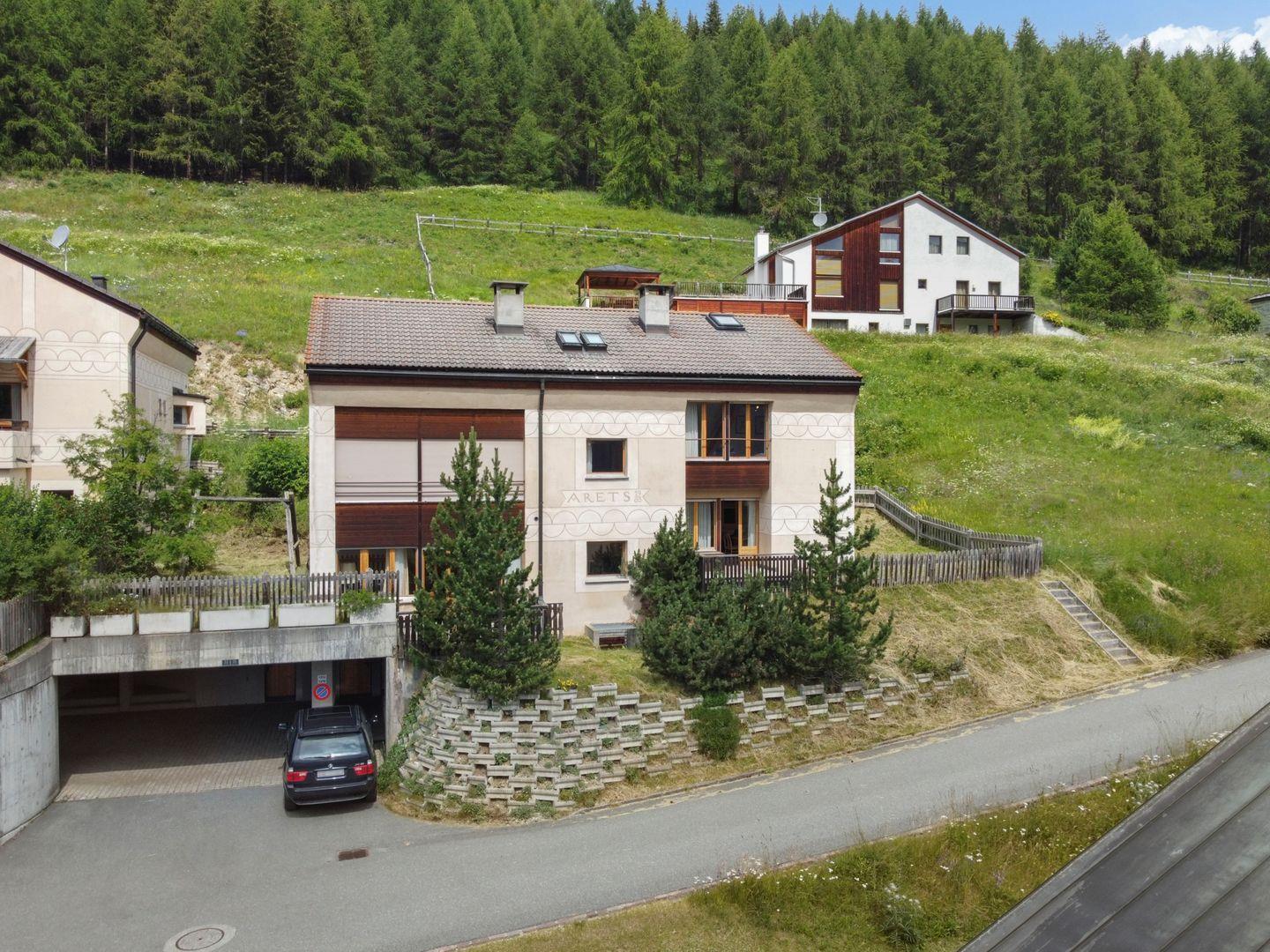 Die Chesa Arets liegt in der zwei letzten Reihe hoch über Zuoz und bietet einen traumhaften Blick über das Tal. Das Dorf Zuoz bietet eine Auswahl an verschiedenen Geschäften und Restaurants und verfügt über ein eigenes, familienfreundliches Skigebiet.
--
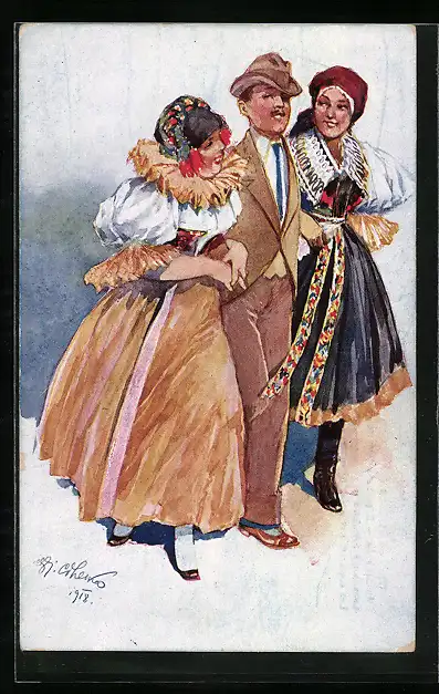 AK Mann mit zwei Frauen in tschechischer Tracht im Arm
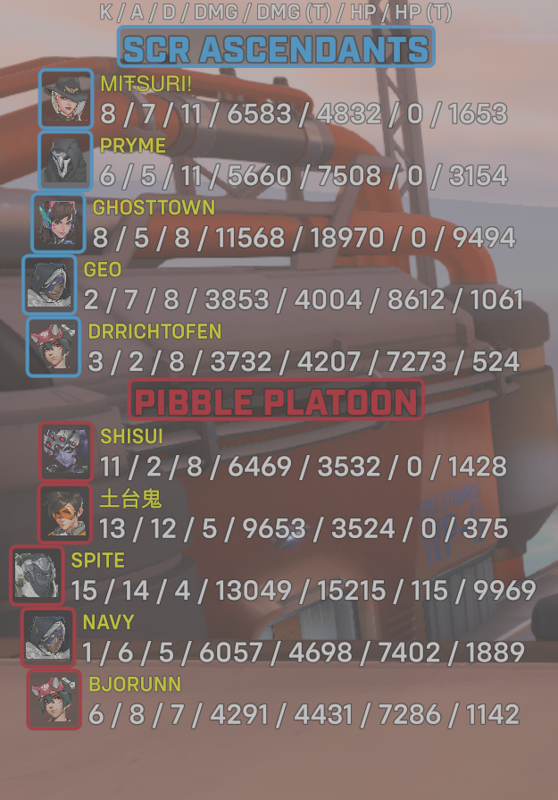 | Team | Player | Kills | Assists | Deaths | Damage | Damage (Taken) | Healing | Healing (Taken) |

• [THE TASK]:
Look above and copy only the lines from the one holding "AK Mann mit" to the one holding "Healing (Taken) |", both included, exactly, minus the pictures.

• [EXERCISE SOLUTION]:
 AK Mann mit zwei Frauen in tschechischer Tracht im Arm
 | Team | Player | Kills | Assists | Deaths | Damage | Damage (Taken) | Healing | Healing (Taken) |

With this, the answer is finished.